BERT-based semantic-shift chunking via chonkie's
[`NeuralChunker`](https://docs.chonkie.ai/oss/chunkers/neural-chunker).

```python
ChonkieNeuralChunker(
    *,
    model: str = "mirth/chonky_modernbert_base_1",
    device_map: str = "cpu",
    min_characters_per_chunk: int = 10,
)
```

| Parameter                  | Default                              | Description                                         |
| -------------------------- | ------------------------------------ | --------------------------------------------------- |
| `model`                    | `"mirth/chonky_modernbert_base_1"`   | Fine-tuned BERT model name.                         |
| `device_map`               | `"cpu"`                              | Inference device (`"cpu"`, `"cuda"`, `"mps"`).      |
| `min_characters_per_chunk` | `10`                                 | Minimum chunk length in characters.                 |

## `ChonkieCodeChunker`

AST-aware code chunking via chonkie's
[`CodeChunker`](https://docs.chonkie.ai/oss/chunkers/code-chunker).

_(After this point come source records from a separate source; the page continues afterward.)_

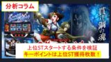 機種検索 X Facebook はてブ LINE コピー 2026.02.142026.03.27 目次 Lカバネリ2L炎炎2Lゴブスレ2Lマギレコ一騎当千モンハンライズかぐや様は告らせたいとらぶるダークネスゴッドイーターリザレクションL戦国乙女 Lカバネリ2 【カバネリ2】上位ループは設定差うんぬんの前に獲得枚数が大事!要約 上位ST後4087回の次のSTを分析した結果上位ループ(上位STスタート)する確率は、上位STで1200枚獲得してあると劇的に上がる。 となりました。この差より設定差は有るが分かりませんが、さすがに80%で再突入は無視できない数字だと... 【カバネリ2】期待値表(3580台分)「L甲鉄城のカバネリ2 海門決戦」の期待値を状態別(朝一・上位後・駆け抜け・通常)に詳細算出!非等価店での換金ギャップや持ちメダル枚数を考慮したリアルタイム計算ツールを搭載。有利区間差枚に応じた独自の期待値表で、最適な狙い目とやめ時が分かります。 【Lカバネリ2】有利区間切断条件は”区間プラス”の[海門回想]で毎回リセット?分析してみた。スマスロ「L甲鉄城のカバネリ海門決戦(カバネリ2)」の有利区間切断条件を、134台・約1万2千行の実戦データから徹底分析!結論は「区間差枚プラス時の海門回想」でのリセット。マイナス域での非切断挙動や、穢れ狙い時の注意点など、今後の立ち回りに直結する独自の考察をまとめました。 【Lカバネリ2】朝一4480台見たら勝率「約41.1%」だった。スマスロ「カバネリ2(海門決戦)」の朝一リセット台498件を独自集計!期待値だけでなく、リアルな「勝率(約44%)」や「平均獲得枚数(約661枚)」、300Gゾーンの強さなど実戦データに基づく数値を公開。資金が限られた時の立ち回りに必見です。 【Lカバネリ2】設定別コイン持ち(ベース)算出レポート|下段ベル確率差による投資速度への影響L甲鉄城のカバネリ海門決戦(カバネリ2)のリアルなコイン持ちが知りたい方へ。公表された「下段ベル確率」の設定差から、全設定のベース数値を逆算した記事です。設定1の31.4Gに対し、設定6は31.88G?。期待値計算やAT性能分析の精度向上にお役立てください! 【Lカバネリ2】投資金額・必要枚数早見表|実戦用「追加投資・追い銭」完全シミュレーション実戦中の押し引き判断に!【Lカバネリ2】の目標G数(天井など)までに必要な投資額・メダル数を50G刻みでパッと見で確認できる早見表です。「今の手持ちメダルで足りる?追加の現金はいくら?」がすぐわかります。46枚・50枚貸し両対応。実戦のお供にブックマーク推奨! 【Lカバネリ2】非等価トントン枚数算出表|46/50枚貸し・各交換率を完全網羅非等価店でのLカバネリ2実戦に必須!「結局、何枚出せばプラマイゼロ(チャラ)なの?」がパッと見でわかる早見表です。46枚・50枚貸し、5.0〜5.6枚交換まで各レートを完全網羅。換金ギャップによる「見えないマイナス」を防ぎ、冷静なヤメ時判断に活用してください! 【逆算】Lカバネリ2のAT期待枚数を算出|高設定ほど「STが強い」?前作とは違いそうな出玉設計を考察「Lカバネリ2は前作みたいにAT入れれば低設定でもやれるの?」という疑問への解答記事です。公表スペックからST期待獲得枚数を独自に逆算した結果、前作のフラット設計とは異なる「高設定ほどSTが強い」という衝撃の格差が浮き彫りに。初打ち前に知っておくべき、前作との決定的な違いと立ち回りの注意点を考察します。 L炎炎2 【L炎炎の消防隊2】 投資・回収枚数早見表【46枚/50枚貸・非等価対応】スマスロ「L炎炎の消防隊2」の投資金額に対する回収必要枚数早見表です。【46枚貸/50枚貸】および【5.0枚~5.6枚交換】の非等価ホールに完全対応。「あと何枚でトントンか?」「天井までいくらか?」の立ち回り判断にご活用ください。スマホ特化で見やすくまとめています。 Lゴブスレ2 【Lゴブリンスレイヤー2】 投資・回収枚数早見表【50枚/46枚貸対応】Lゴブリンスレイヤー2(Lゴブスレ2)の投資金額に対する回収必要枚数、およびプラス収支へ転じるためのセット数目安の早見表です。 ホールでの稼働判断、およびヤメ時の算出にご活用ください。【50枚貸】投資金額・回収必要枚数早見表投資金額と交換率... Lゴブリンスレイヤー2のやめどきをデータから考察。天井後の引き戻し18%とゾーン別の次回挙動【かもしれない】スマスロ「Lゴブリンスレイヤー2」の実戦データ2015件をAI解析。1500G天井到達後は引き戻し率が18.1%にアップ?独自集計から見えた「天井恩恵」の可能性と、ゾーン当選後のリスク、具体的な「やめどき」を考察します。 Lゴブリンスレイヤー2の有利区間切断タイミングを考察!上位AT突入で毎回切断か?スマスロ「ゴブスレ2」の有利区間切断タイミングを独自データ(n=84)から徹底考察。上位AT「アルティメットループ」中は毎回リセットされる?差枚2400枚の壁の真実や、上位履歴あり台の「切断狙い」のリスクについて解説します。 Lマギレコ (スマスロ)マギアレコード [メモ]まどマギ外伝の本作。初まどを求め続ける亡霊が多数おられると思いますが、ついに成仏できるかもしれません。(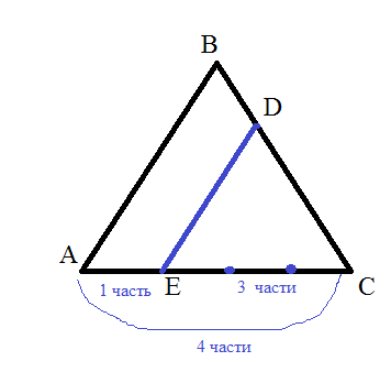 Точка E лежит на стороне AC треугольника ABC, причём EC/AE=3. Точка D лежит на BC, причём ED∥AB. Найдите AB, если ED=6/4.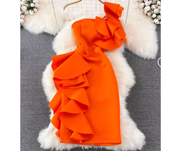 鮮やかな発色が美しいミモレ丈のワンショルデザインドレス。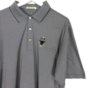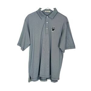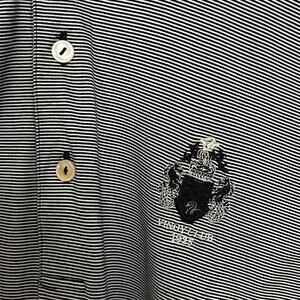 Black and white striped polo shirt with Vinoy Club logo on chest.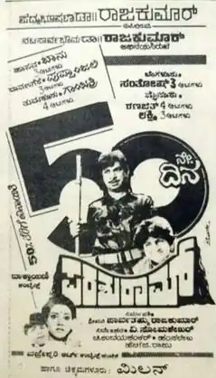 Parashuram is a 1989 Indian Kannada-language action film directed by V. Somashekar and produced by Parvathamma Rajkumar under Dakshayini Combines. The film stars Dr. Rajkumar, alongside Mahalakshmi, Vani Viswanath and Puneeth Rajkumar.[1] This was V. Somashekhar's last film with Rajkumar, who incidentally started his directing career with Bangaarada Panjara.[2] The musical score and soundtrack were composed by Hamsalekha, while cinematography and editing were handled by H. G. Raju and P. Bhaktavatsalam.[3]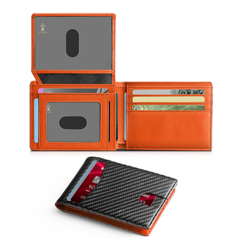 Fashionable RFID Blocking men's wallet, Minimalism Carbon fiber pattern credit card holder, Double fold portable front wallet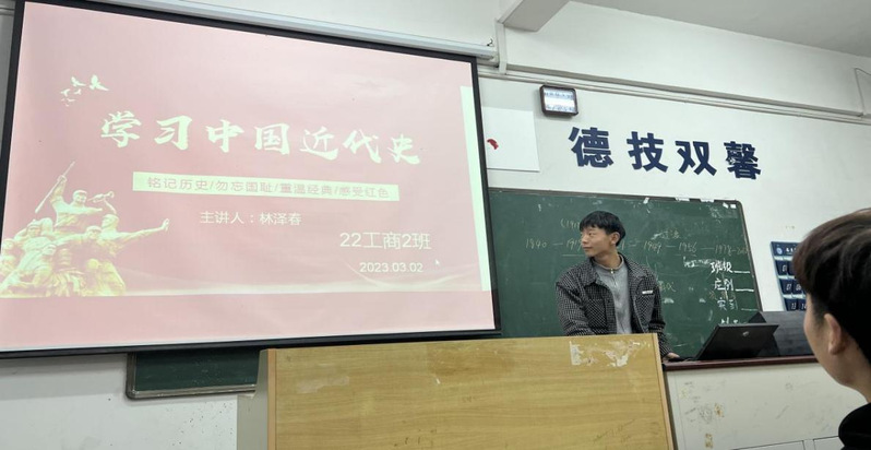古人云:“以史为鉴,可以知兴替”。为了让同学们更好地铭记历史,在3月5日晚,2022级工商企业管理二班开展了有关中国近代史的学习专题活动。

A separate
underlying chonkie chunker is constructed lazily per `language` and cached on
the instance, so repeated `.split(..., language=...)` calls for the same
language reuse the same parser.

```python
ChonkieCodeChunker(
    *,
    tokenizer: str = "character",
    chunk_size: int = 2048,
)

chunker.split(text, *, language="python")
```

| Parameter    | Default       | Description                          |
| ------------ | ------------- | ------------------------------------ |
| `tokenizer`  | `"character"` | Tokenizer name.                      |
| `chunk_size` | `2048`        | Maximum tokens per chunk.            |

`language` accepts any chonkie-supported language identifier
(`"python"`, `"javascript"`, `"rust"`, etc.).